● **Dataset**:
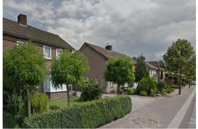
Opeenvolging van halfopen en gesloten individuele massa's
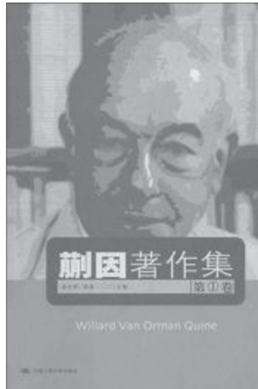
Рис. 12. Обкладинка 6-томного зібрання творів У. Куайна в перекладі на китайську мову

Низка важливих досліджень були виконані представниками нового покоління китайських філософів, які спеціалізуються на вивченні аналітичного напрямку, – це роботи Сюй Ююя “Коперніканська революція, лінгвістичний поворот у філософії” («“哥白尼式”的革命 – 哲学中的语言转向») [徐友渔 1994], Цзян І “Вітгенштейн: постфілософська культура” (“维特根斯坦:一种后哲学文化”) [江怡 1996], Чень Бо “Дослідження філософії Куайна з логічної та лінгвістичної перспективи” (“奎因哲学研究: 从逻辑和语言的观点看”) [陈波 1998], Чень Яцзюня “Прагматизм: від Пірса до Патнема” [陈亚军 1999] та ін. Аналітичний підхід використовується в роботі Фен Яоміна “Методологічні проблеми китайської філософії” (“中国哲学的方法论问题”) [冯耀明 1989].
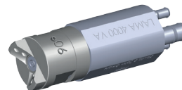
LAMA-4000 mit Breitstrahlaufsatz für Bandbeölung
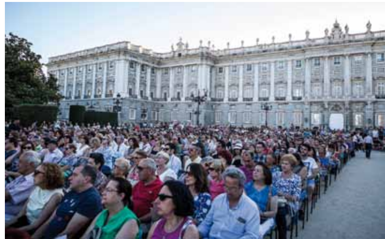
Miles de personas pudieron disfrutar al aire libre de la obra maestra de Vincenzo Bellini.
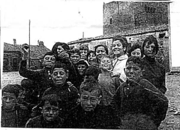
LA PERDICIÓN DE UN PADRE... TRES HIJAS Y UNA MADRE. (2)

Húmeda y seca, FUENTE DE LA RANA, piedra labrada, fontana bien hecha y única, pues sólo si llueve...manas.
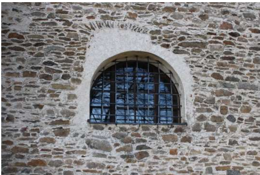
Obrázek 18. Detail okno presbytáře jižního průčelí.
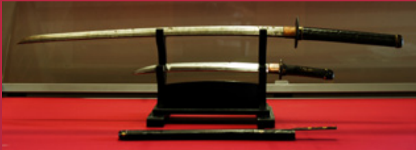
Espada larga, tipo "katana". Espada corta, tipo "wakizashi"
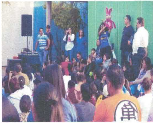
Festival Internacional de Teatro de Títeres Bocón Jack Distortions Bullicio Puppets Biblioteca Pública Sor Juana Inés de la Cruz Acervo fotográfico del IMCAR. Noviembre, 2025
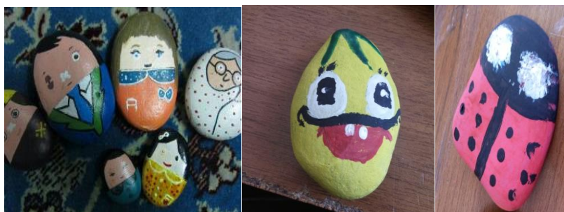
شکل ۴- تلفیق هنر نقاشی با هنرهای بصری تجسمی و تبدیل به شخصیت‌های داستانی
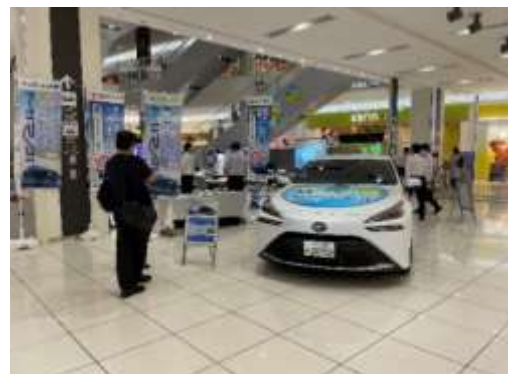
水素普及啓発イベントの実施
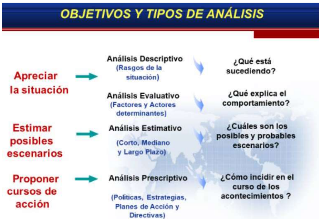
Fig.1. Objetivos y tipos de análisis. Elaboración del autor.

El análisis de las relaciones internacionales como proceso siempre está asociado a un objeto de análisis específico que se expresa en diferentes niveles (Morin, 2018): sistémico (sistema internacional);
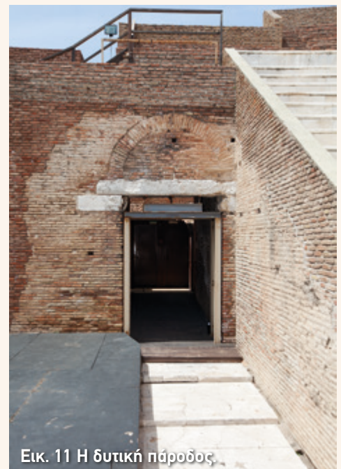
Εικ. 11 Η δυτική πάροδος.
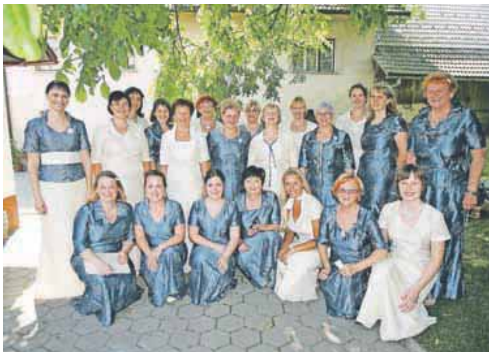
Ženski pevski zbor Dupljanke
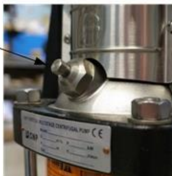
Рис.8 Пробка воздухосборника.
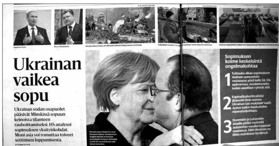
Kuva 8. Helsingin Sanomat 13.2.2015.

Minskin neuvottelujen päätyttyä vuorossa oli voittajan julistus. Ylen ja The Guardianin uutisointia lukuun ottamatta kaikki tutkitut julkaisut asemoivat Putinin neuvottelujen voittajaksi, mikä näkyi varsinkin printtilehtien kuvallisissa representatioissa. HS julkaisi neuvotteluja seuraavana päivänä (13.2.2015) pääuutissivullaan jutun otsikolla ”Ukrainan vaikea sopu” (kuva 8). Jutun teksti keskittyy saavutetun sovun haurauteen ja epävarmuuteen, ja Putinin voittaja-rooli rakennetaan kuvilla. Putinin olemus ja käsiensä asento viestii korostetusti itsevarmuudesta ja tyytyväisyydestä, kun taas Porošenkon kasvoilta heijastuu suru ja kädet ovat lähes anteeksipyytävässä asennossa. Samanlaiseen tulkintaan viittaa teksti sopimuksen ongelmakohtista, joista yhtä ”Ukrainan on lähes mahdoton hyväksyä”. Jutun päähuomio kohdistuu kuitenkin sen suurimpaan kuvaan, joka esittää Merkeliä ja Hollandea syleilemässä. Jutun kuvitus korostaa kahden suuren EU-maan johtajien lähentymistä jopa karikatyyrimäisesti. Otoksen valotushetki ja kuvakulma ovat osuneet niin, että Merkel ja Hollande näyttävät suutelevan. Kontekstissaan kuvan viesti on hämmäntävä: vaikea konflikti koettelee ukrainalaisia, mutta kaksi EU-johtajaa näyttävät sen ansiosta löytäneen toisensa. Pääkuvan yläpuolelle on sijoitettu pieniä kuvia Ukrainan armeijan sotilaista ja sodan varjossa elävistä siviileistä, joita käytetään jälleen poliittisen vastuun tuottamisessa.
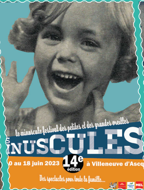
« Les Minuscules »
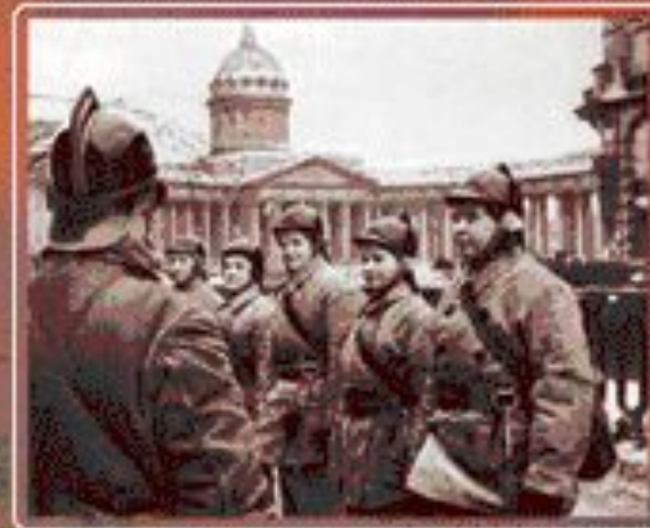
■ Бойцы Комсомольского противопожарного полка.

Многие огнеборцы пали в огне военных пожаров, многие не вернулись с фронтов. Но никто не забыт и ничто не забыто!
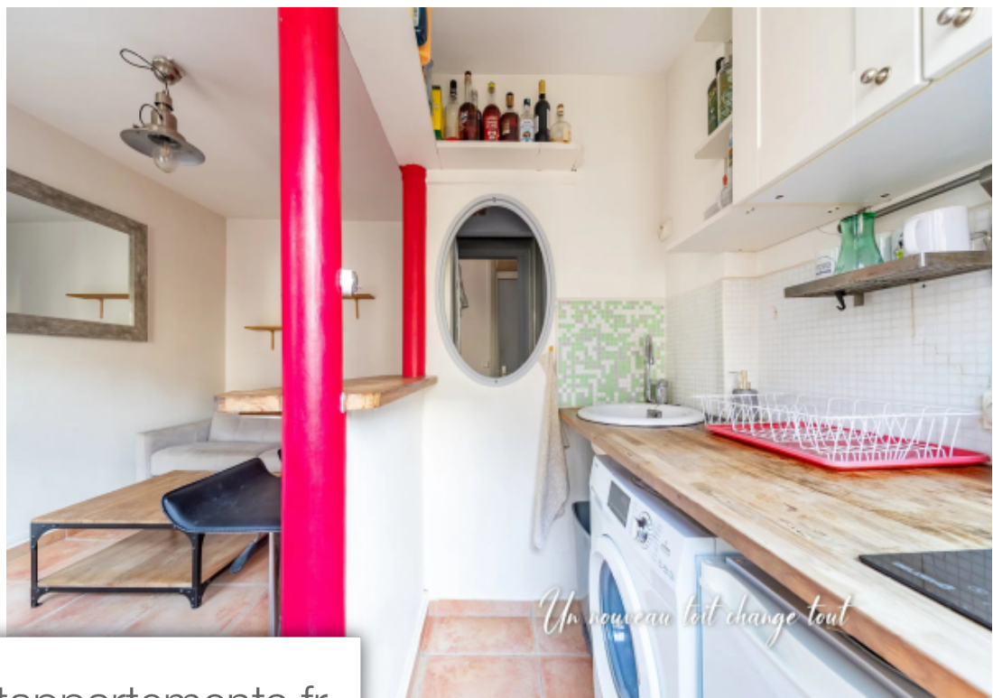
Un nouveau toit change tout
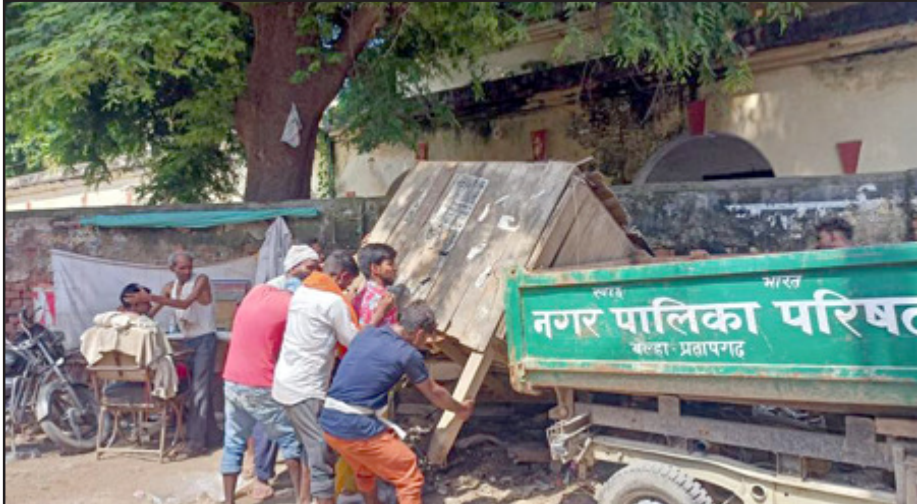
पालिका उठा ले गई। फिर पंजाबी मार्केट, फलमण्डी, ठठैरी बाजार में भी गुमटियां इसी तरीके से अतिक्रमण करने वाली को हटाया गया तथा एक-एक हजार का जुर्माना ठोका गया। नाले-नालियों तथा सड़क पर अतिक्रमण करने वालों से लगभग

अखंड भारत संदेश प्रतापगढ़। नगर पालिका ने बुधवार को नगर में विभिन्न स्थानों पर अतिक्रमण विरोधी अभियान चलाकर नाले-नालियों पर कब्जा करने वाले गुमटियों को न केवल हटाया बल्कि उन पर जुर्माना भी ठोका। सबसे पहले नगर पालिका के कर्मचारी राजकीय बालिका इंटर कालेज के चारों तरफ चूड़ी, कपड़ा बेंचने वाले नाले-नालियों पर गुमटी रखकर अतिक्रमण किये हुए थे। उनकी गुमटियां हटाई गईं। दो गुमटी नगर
==
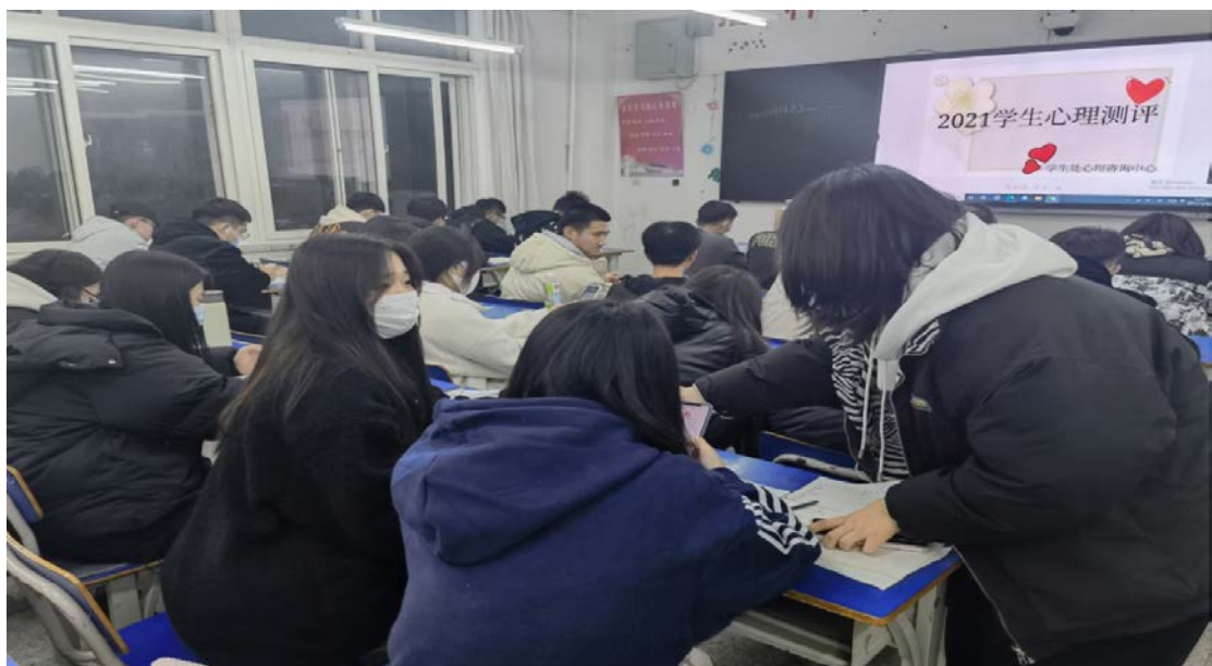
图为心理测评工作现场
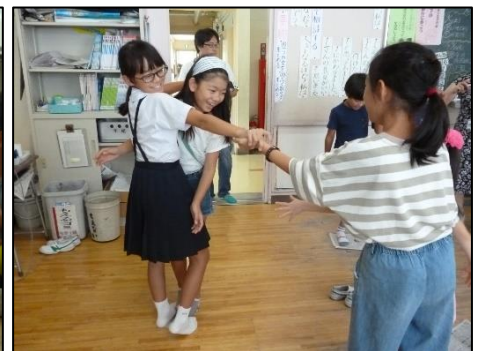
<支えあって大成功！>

● **Exercise instructions**: Reply with nothing but the number of lines in the data above that contain "análisis".

● **Answer box**: 2